5 Het zal gebeuren, als YAHUVEH u gebracht heeft in het land van de Kanaänieten,
Hethieten, Amorieten, Hevieten en Jebusieten, dat Hij uw vaderen gezworen heeft
u te geven, een land overvloeiend van melk en honing, dat u dan in deze maand
dit dienstwerk zult verrichten:
6 Zeven dagen moet u ongezuurde broden eten, en op de zevende dag zal er een
feest zijn voor YAHUVEH.
7 Zeven dagen lang moeten er ongezuurde broden gegeten worden. Wat gezuurd is,
mag bij u niet gezien worden, ja, geen zuurdeeg mag er in heel uw gebied bij u
gezien worden.
8 En op die dag moet u uw zoon vertellen: Dit gebeurt om wat YAHUVEH voor mij
gedaan heeft, toen ik uit Egypte vertrok.
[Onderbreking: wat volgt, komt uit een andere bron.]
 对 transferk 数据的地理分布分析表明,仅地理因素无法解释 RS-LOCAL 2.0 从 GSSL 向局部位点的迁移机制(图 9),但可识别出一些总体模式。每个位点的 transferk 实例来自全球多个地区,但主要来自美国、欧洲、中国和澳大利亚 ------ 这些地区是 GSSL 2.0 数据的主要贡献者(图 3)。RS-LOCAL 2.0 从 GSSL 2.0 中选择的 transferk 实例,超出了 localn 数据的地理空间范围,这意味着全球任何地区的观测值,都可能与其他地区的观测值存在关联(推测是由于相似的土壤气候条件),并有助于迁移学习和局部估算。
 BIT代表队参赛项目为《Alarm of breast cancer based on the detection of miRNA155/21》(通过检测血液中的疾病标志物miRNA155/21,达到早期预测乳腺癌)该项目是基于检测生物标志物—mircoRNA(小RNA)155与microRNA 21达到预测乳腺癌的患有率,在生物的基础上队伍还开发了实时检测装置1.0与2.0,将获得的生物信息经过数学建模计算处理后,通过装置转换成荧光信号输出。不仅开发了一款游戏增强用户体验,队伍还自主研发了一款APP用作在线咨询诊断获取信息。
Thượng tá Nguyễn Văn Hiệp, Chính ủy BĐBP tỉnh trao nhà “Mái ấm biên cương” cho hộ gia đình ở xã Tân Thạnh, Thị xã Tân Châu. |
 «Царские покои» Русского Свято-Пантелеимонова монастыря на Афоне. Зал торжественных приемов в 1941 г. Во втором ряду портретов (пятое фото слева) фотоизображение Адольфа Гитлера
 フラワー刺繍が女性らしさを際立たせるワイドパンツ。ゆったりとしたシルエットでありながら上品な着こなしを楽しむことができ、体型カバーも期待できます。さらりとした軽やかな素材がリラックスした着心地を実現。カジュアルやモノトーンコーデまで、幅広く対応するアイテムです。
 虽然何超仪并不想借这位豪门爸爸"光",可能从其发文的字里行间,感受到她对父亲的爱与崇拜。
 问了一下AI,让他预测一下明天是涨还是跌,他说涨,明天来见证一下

9 En het moet voor u als een teken op uw hand zijn, en als een herinnering
tussen uw ogen, opdat de wet van YAHUVEH in uw mond is, want YAHUVEH heeft u met
sterke hand uit Egypte geleid.
10 Daarom moet u deze verordening in acht nemen op de daarvoor vastgestelde tijd,
van dagen naar dagen.
11 Het zal gebeuren, als YAHUVEH u in het land van de Kanaänieten gebracht heeft,
zoals Hij u en uw vaderen gezworen heeft, en Hij het u gegeven heeft,
12 dat u alles wat de baarmoeder opent, aan YAHUVEH zult afstaan. Ook alles wat
de baarmoeder opent van de dracht van het vee dat u toebehoort: de mannetjes
zullen voor YAHUVEH zijn.
13 Maar alles wat de baarmoeder van een ezelin opent, moet u vrijkopen met een
lam. Als u het niet vrijkoopt, moet u het de nek breken. Maar wat de mensen
betreft, moet u alle eerstgeborenen onder uw zonen vrijkopen.
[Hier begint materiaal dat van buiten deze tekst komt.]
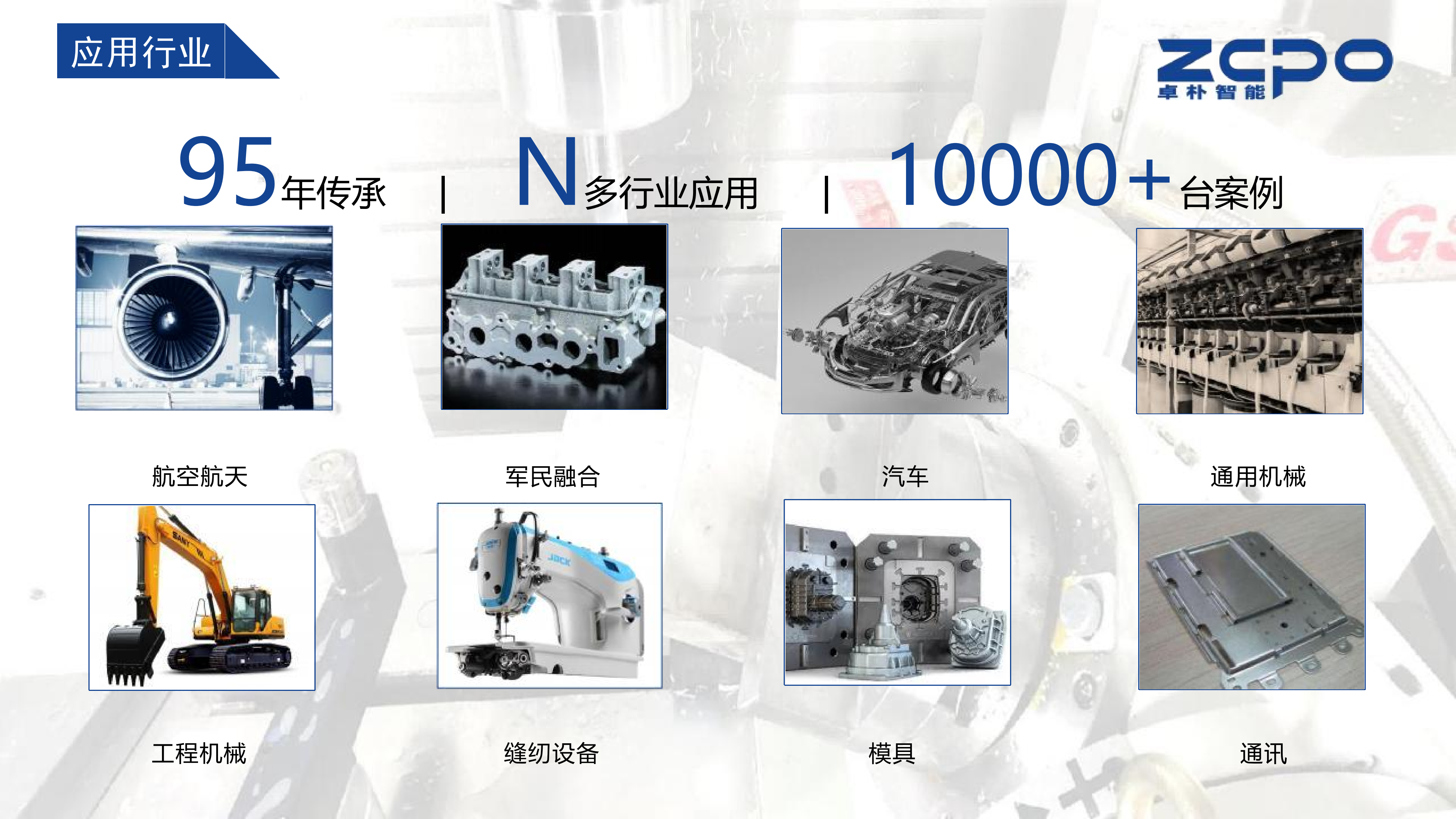 卓樸智能的主要產品包括立式、臥式和門式數控加工中心,以及普通、數控升降臺銑床和數控立式、臥式車床等五大系列,擁有覆蓋200多種規格型號的金屬切削加工產品。公司產品廣泛應用于汽車、船舶、工程機械、新能源、模具、3C電子等領域,多年以來積累了近千家各行業優質客戶與大量的行業工件級解決方案。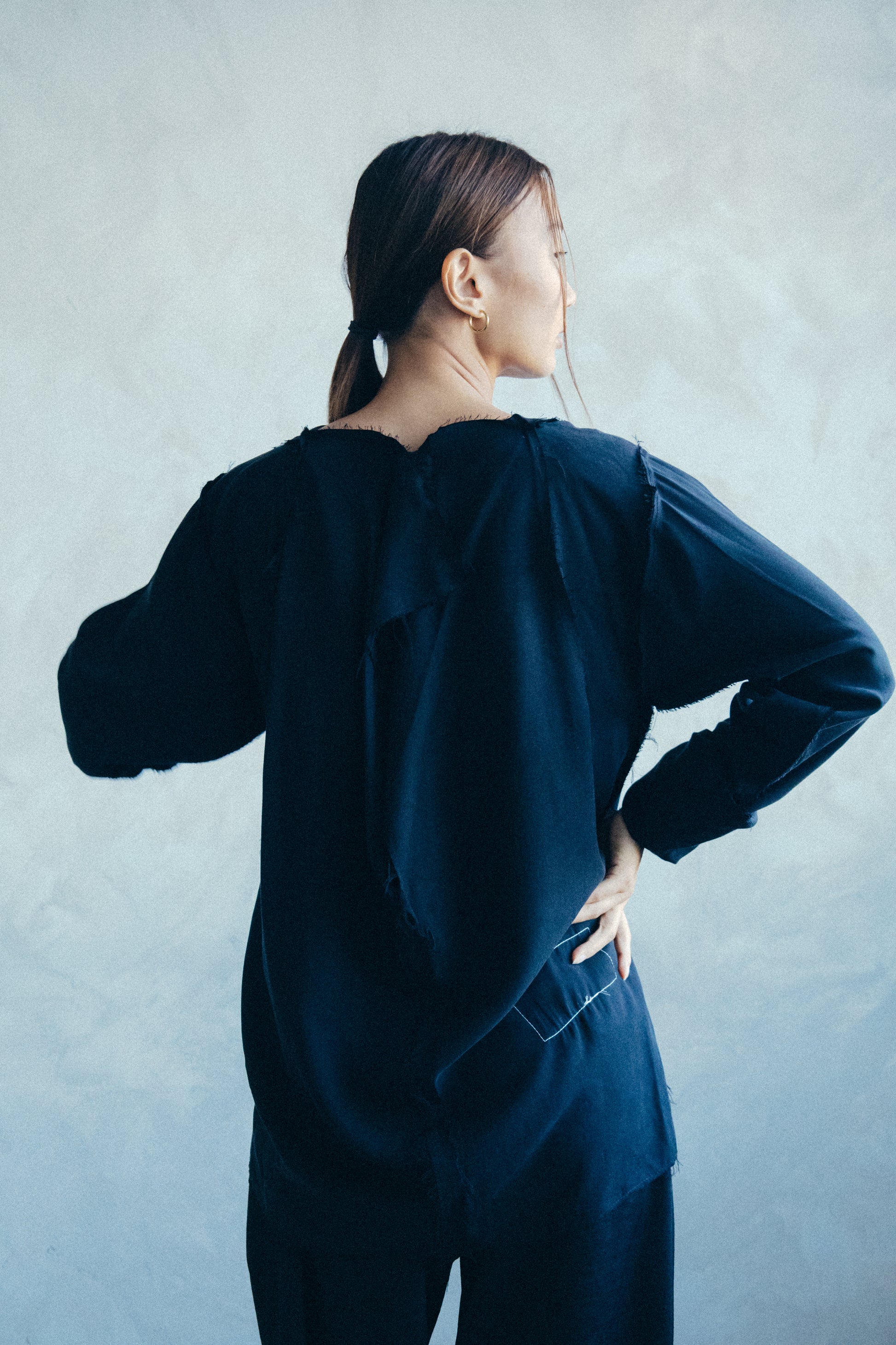 Multifunctional back can be worn open or closed. Option to cinch at the waist with a button.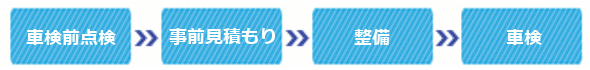 | ① 車検前点検 | 車検時のチェック項目を事前にチェックします。その際、車検合格のため、 整備が必要な箇所、修理の必要な箇所を確認いたします。 |

14 Het zal gebeuren, als uw zoon u morgen vraagt: Wat is dit? dat u tegen hem
zult zeggen: YAHUVEH heeft ons met sterke hand uit Egypte, uit het slavenhuis,
geleid.
15 Want toen de farao zich verhardde en weigerde ons te laten gaan, gebeurde het
dat YAHUVEH alle eerstgeborenen in het land Egypte doodde, van de eerstgeborene
van de mens tot de eerstgeborene van het vee toe. Daarom offer ik aan YAHUVEH de
mannetjes van alles wat de baarmoeder opent, maar alle eerstgeborenen van mijn
zonen koop ik vrij.
16 Dit zal tot een teken zijn op uw hand en tot een band tussen uw ogen, want
YAHUVEH heeft ons met sterke hand uit Egypte geleid.